Collectively, the concerts serve to remind audiences that “we all experience the human condition in very similar, emotional ways,” DuMelle said. “Bodhi Tree has a growing cadre of local artists that we know and love. We give these artists a lot of leeway to just express themselves and share a vision of the power of music in the way they think makes much sense.

“The hope is to leave every audience member going ‘Wow, I just experienced something and I’m richer for it.’ And whether you’ve had a contract at the Metropolitan Opera or you’re just a local person that’s been sitting at the piano bar playing for the last 40 years, the truth of that experience can happen across the board. That’s the environment we try to create for our artists, which they can then share with you, the audience.”

Bodhi Tree Concerts 2023 season


Ken Anderson, Dale Fleming and Friends: 4 p.m. Sunday, March 19, at St. James by-the-Sea Episcopal Church, 743 Prospect St., La Jolla. Benefiting the Martin Luther King Jr. Community Choir Scholarship Fund.

“Brahms & Beer”: 7 p.m. Saturday, April 29, at the La Jolla Community Center, 6811 La Jolla Blvd. Benefiting the Choral Consortium of San Diego.

“Best of Cole Porter”: 7 p.m. Saturday, May 20, at the La Jolla Community Center, 6811 La Jolla Blvd. Benefiting San Diego Therapeutic Horsemanship.
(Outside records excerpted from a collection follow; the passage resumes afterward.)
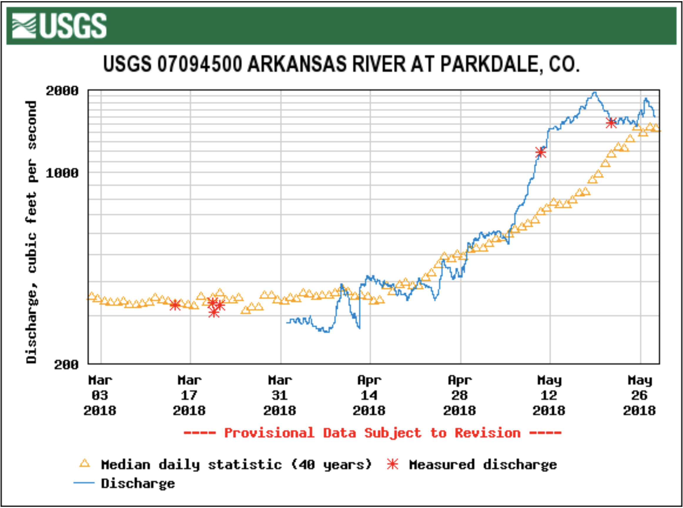 Particularly for the hardest hit areas of southern Colorado, half of the snow means half of the spring snowmelt. A quick scan through statewide stream flow levels already shows below average water discharge through most of Colorado (there are localized exceptions), thanks to a warm May that’s already melted off much of the meager snowpack.
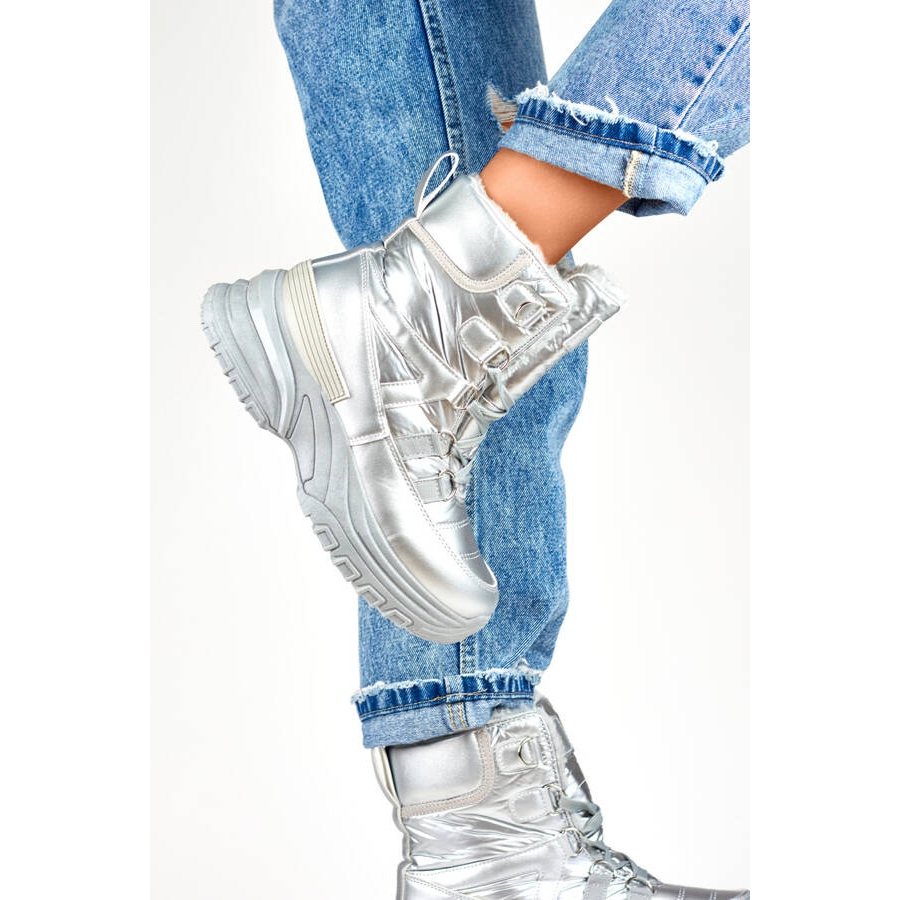 Inna marka Botas de neve femininas, botas prateadas brilhantes 22-PY16061SI prata
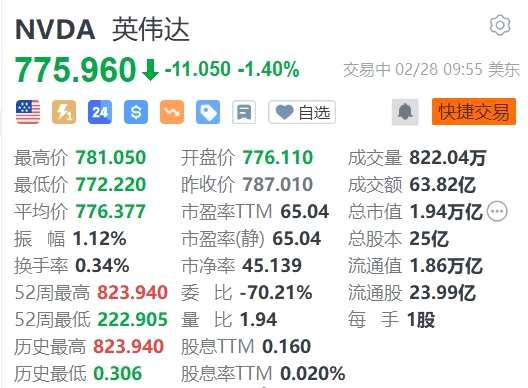摘要: 來源:互聯(lián)網(wǎng)英偉達(NVDA.US)跌1.4%,報775.96美元。根據(jù)美國證券交易委員會(SEC)2月27日披露的文件,英偉達(NVDA.US)董事JONESHARVEYC于2月23日以每股平均價8
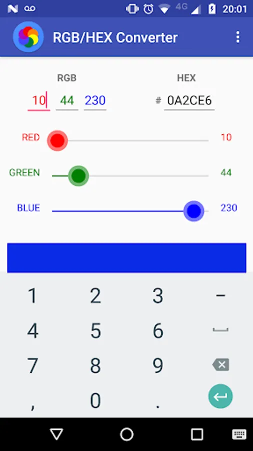 Convert color codes RGB to HEX and vice versa using only your smartphone. Created to assist front-end developers, this is a free tool that can convert quickly and easily the color codes given a code to a specific color in any of the most used formats in the world Front End ..
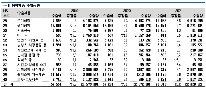 2021년과 마찬가지로 화학제품 수요가 호조하고 원료가격이 강세를 나타내면서 가격 전가가 빠르게 이루어지고 있어 수출입액이 증가할 가능성이 큰 것으로 파악된다.
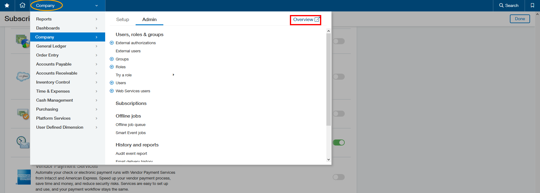 In the upper bar, click the Company category and select Subscriptions located under the Admin tab.
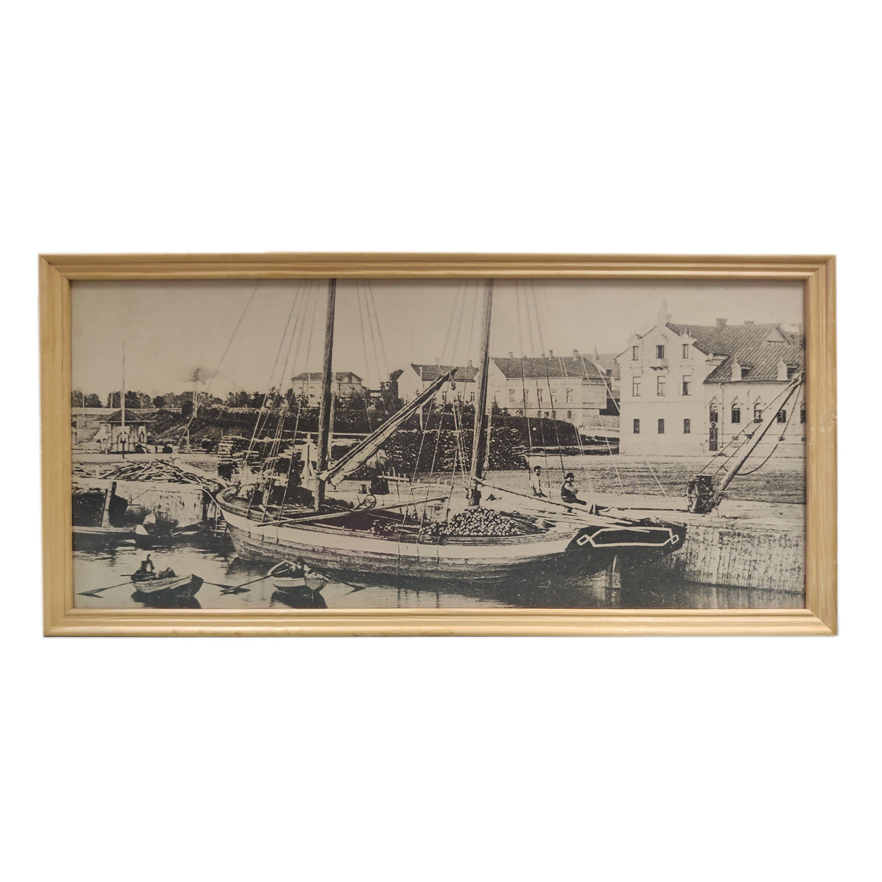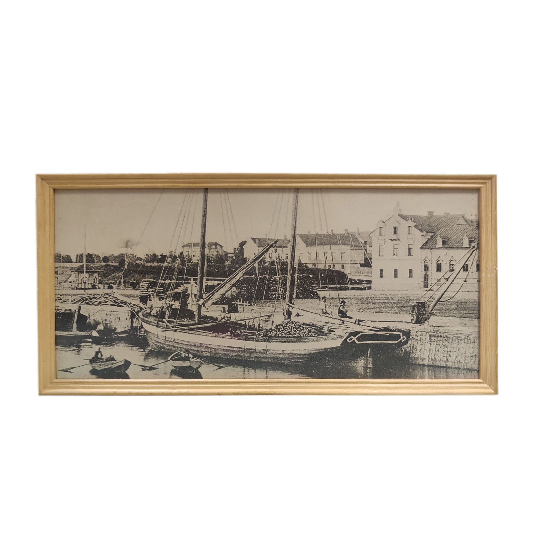 Kuva - Oulun Hamina vuosisadan vaihteessa.Hyvä kunto, kehyksissä kulumaa.Mitat: n. 60,5 × 30,5 cm.

Music en la Calle Festival: Noon to 6 p.m. Saturday, June 24, at Tierra Central, 41st Street and University Avenue, San Diego. Benefiting the city of San Diego.

“Autumn Valentine”: 8 p.m. Saturday, Sept. 23, at UC San Diego Park & Market, 1100 Market St., San Diego. Benefiting NAACP San Diego.

Cost: Individual concerts are $30 ($20 for students and military members); $40 for “Autumn Valentine.” Season tickets are $100.